Diagnosing suspected problems with mod_deflate

Introduction to some unfortunate issues with compression

First, several problems have been fixed in mod_deflate since it was introduced in IHS 2.0.42. These fixes are in IHS 2.0.42.2+PQ78925 and IHS 2.0.47. It is likely to save a considerable amount of debugging time if these fixes are applied to the system exhibiting the problem before spending extensive time researching problem symptoms.

Beyond the mod_deflate fixes, customer experiences with HTTP compression will depend on what type of data is compressed. Different browsers have problems with certain types of data being compressed. Compressing plain HTML works fine on any modern browser, though people have experienced browser problems when HTML with embedded javascript is compressed. There is some indication that in Internet Explorer the decompression path changes the timing of javascript loading and some javascript which would otherwise work will then fail with this changed timing. This has happened not just with mod_deflate but also with mod_gzip, which has been available for Apache 1.3 for a long time.

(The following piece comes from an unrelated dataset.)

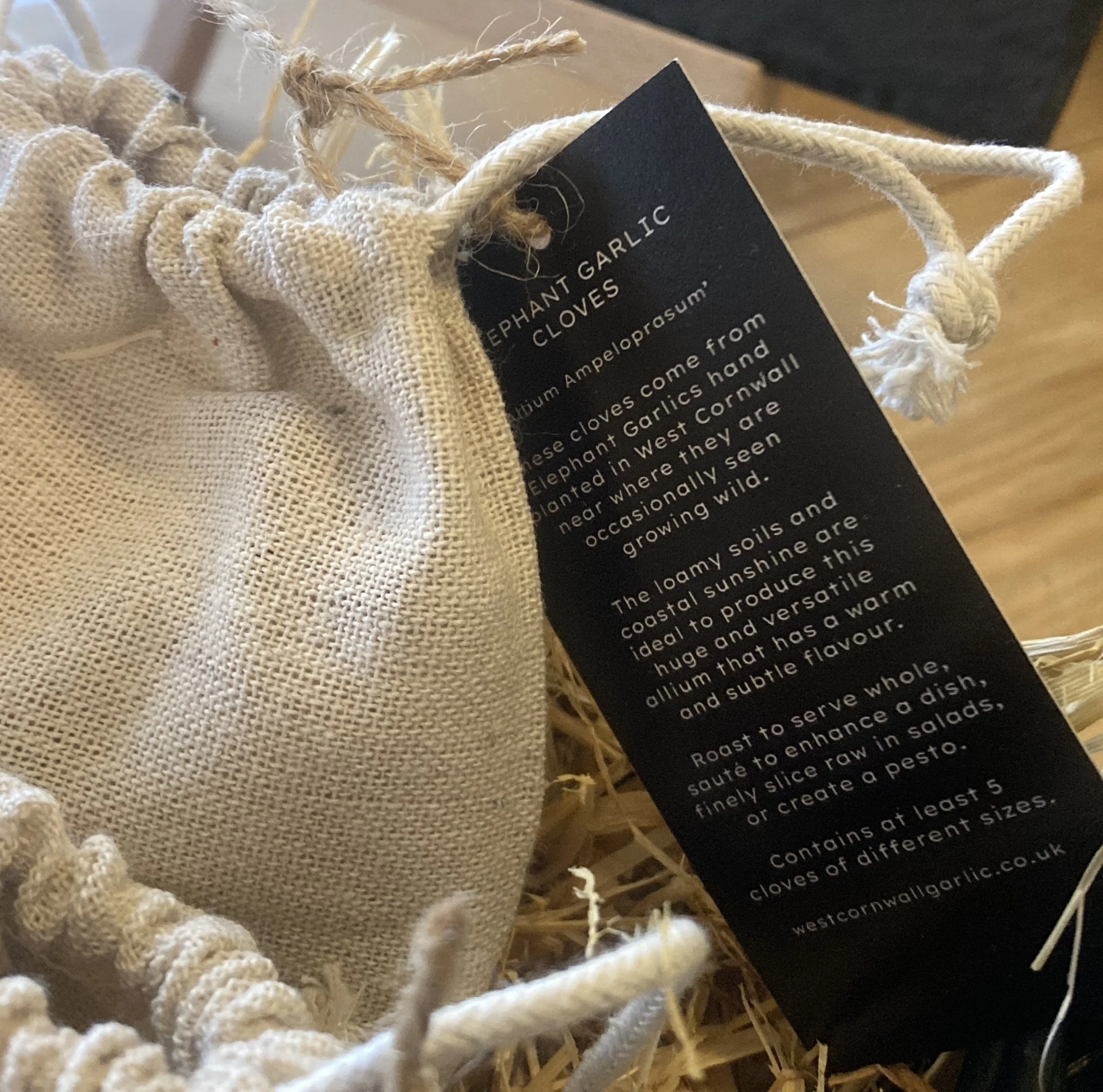 Free Royal Mail (2-3 working days) Tracked Delivery on orders of £35 or more Elephant Garlic bulbs £7.50 Sold out Gift Bag of Elephant Garlic Cloves in a re-usable branded linen bag designed by and unique to The West Cornwall Garlic Company £9.00 Elephant Garlic Scapes £3.75 Sold out Green Garlic £3.75 Sold out GIFT CARD from £30.00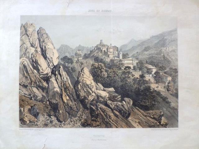 Nantes, lith. Charpentier, Edition Paris, 1850 circa. Litografia stampata in colore, cm 28 x 36 circa (il foglio). Piacevole veduta animata del paese di Tourette, nelle Alpi Marittime dell’Alta Savoia, in primo piano un dirupo roccioso con seduta una piccola figura di alpino. Tourette - du - Chateu, in italiano Torretta, ormai desueto, è oggi un comune francese situato nel dipartimento delle Alpi Marittime della regione Provenza – Alpi - Costa Azzurra; i suoi abitanti sono chiamti "les Tourrettans" in francese e "i Torrettoni" in italiano. Margini un po' rifilati e con una leggera patina di sporco, una imperfezione al margine superiore, discreto stato.

The Adobe Acrobat plug-in has known problems dealing with PDF files that mod_deflate has compressed. This is not a mod_deflate problem, and the same type of problem has occured with mod_gzip, which is a completely independent implementation of HTTP compression.

A couple of our IHS 2 customers have had problems using mod_deflate to compress javascript. With the last occurrence of this, the customer discovered that their javascript when compressed would run fine with Netscape but not with Internet Explorer. In both cases, the customers gathered traces and the data sent by the server was valid, but for some reason IE would not run the javascript properly if it had arrived compressed. IHS configuration directives would have to be used to disable compression for certain URLs and/or certain browsers.

Here's an interesting article regarding an IE 6 bug (there is a similar one for IE 5.5):

http://support.microsoft.com/default.aspx?scid=kb;[LN];Q312496

Here's another article about an IE bug with javascript in the presence of cache-control: no-cache:

http://support.microsoft.com/default.aspx?scid=kb%3Ben-us%3B327286.

Here's another one, outlining one person's experience with compression changing the timing of javascript execution enough that the javascript no longer worked:

http://lists.over.net/pipermail/mod_gzip/2001-March/001708.html

Symptoms

Common symptoms are blank pages or error messages from the browser, or javascript execution failures, or problems in Adobe Acrobat displaying pdf files.

Configuring mod_deflate to refuse to compress certain types of content

As long as some text in the uri can be checked for when to disable compression, it is easy. Here are examples for all uris ending in .pdf or .jpg (upper or lower case):

 SetEnvIfNoCase Request_URI "\.pdf$" no-gzip
 SetEnvIfNoCase Request_URI "\.jpg$" no-gzip

Isolating the guilty party

Assuming that the known mod_deflate problems have been corrected with available fixes, the most likely cause is that the browser or plug-in cannot handle compressed data in the specific context. The browser/plug-in may not be able to uncompress certain media types at all or may not be able to uncompress certain media types when received in a certain order or some other limitation can be encountered. The problem could also depend on whether or not SSL is used.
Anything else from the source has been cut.